Dataset entries
•••••

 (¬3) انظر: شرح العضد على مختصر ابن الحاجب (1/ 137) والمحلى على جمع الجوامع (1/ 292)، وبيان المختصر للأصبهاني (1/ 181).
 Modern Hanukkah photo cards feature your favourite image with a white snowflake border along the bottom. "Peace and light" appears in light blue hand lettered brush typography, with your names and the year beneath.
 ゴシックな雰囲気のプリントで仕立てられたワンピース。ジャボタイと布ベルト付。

•••••

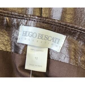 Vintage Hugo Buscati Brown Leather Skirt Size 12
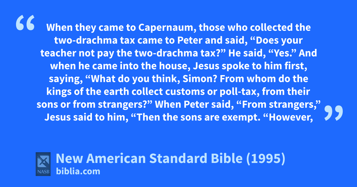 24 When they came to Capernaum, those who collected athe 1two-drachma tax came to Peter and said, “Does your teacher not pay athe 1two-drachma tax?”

•••••

What you will do
What are the lines above, starting at the one with "(¬3) انظر: شرح" and ending at the one with "ゴシックな雰囲気のプリントで仕立てられたワンピース。ジャボタイと布ベルト付。"? Give them again exactly, and only them.

Task response
 (¬3) انظر: شرح العضد على مختصر ابن الحاجب (1/ 137) والمحلى على جمع الجوامع (1/ 292)، وبيان المختصر للأصبهاني (1/ 181).
 Modern Hanukkah photo cards feature your favourite image with a white snowflake border along the bottom. "Peace and light" appears in light blue hand lettered brush typography, with your names and the year beneath.
 ゴシックな雰囲気のプリントで仕立てられたワンピース。ジャボタイと布ベルト付。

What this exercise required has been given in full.